Boy am I glad I did.
As I drove up the canyon I experienced a whole different world than outside my own front door. It was raining, much like at home… but down from the mountains this rain was already working its miracle. Outside our door, the snow is still packed heavily and the rain on top of it just makes a slushy, gray mess. Down in the canyon I was driving up underneath the clouds/mist/fog. There the rain has already washed away much of the snow, it is bringing the green out of the ground.. there were fully blooming cherry blossom trees all around.
The scene struck me SO hard. At the base of the canyon I could see Spring. I could see what was able to grow and come up after the snow was gone. I could see the clouds and darkness still hovering over the mountains in the distance, but here it had cleared. The rain wasn’t a nuisance. It was a last hardship before the glorious. It was encouraging and making possible so much beauty.
I don’t even watch Game of Thrones, so I probably am using this wrong… but I know they say “Winter is Coming”. This past year winter came for me. Metaphorically. I have never felt so poorly. Sometimes winter can be crisp and beautiful. The snow looks pure, magical, gorgeous. Not this year. This year I felt as though it was a freezing, heavy nuisance. I could never hold the weight of all the damp layers of snow dumped on me, and I was numb and cold inside.

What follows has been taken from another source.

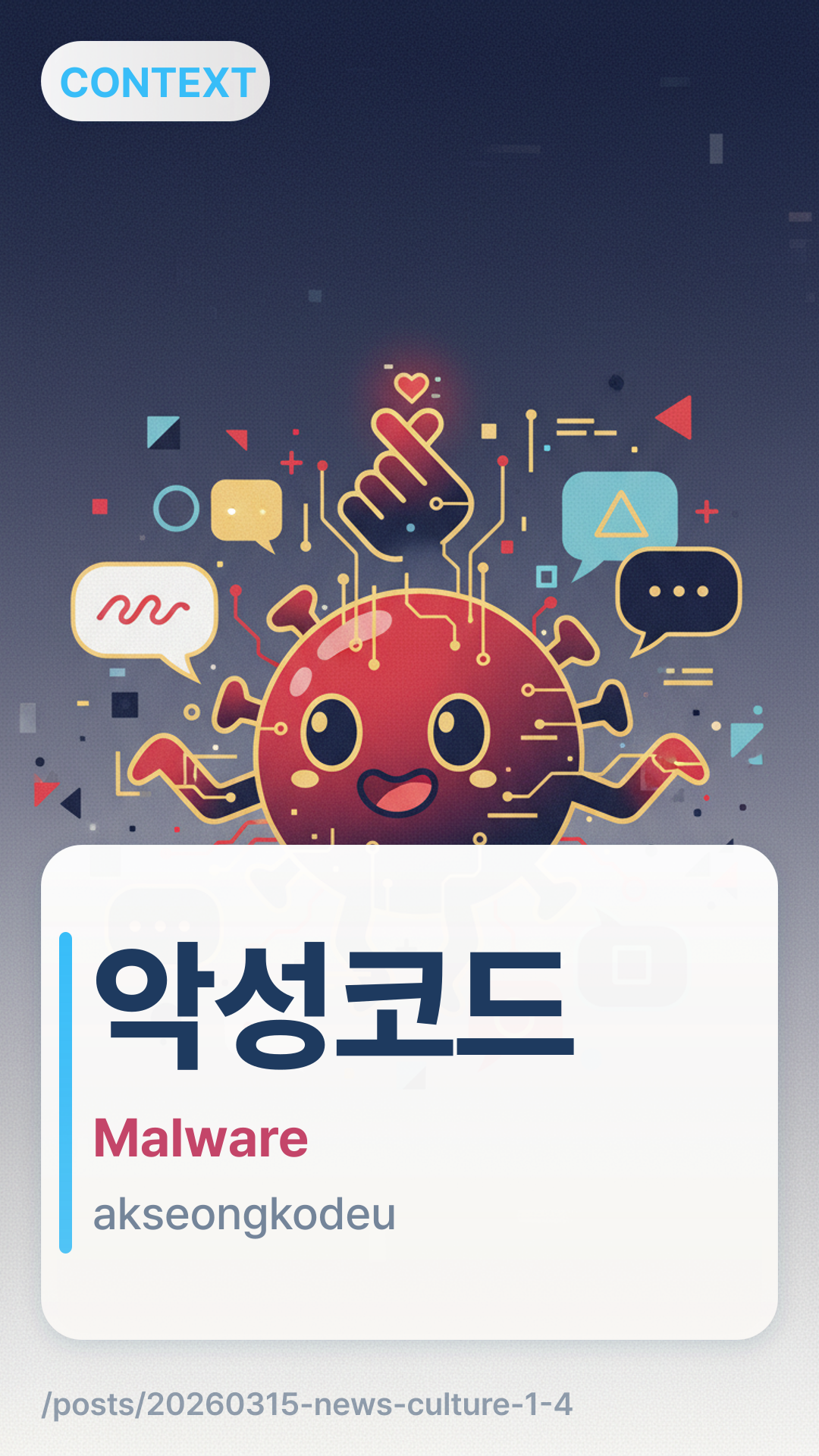 악성코드akseongkodeu (Ak-seong-ko-deu) bezieht sich auf 'Bösartigen Code' oder 'Malware'. Es ist eine Zusammensetzung aus '악성' (bösartig/böswillige Natur) und dem Lehnwort '코드' (Code). In koreanischen Nachrichten ist es der Standardbegriff für jede Software, die darauf ausgelegt ist, ein Computersystem zu beschädigen oder unbefugten Zugriff darauf zu erlangen.

I think one of the hardest things to get through is the unfair feeling of dealing with the fallout and emotions of other’s choices. When you make your own mistakes, or walk the path of your own consequences there is a feeling of culpability that hopefully creates a willingness to endure or understand… when someone else’s selfishness, or weakness, or negative outcome falls on your shoulders it can be brutal. It feels unjust, and it is hard to maintain an attitude of finding the positive, of learning and moving on.
This happened to me this winter. I felt like I couldn’t withstand the heaviness of loved ones decisions. I didn’t ask for the constant onslaught of storms, or how messy and ugly they were. It wasn’t a magical, light, fun snow. It felt like a blizzard, one that immediately got dirty and hard to live through, one that kept me freezing, numb and gray.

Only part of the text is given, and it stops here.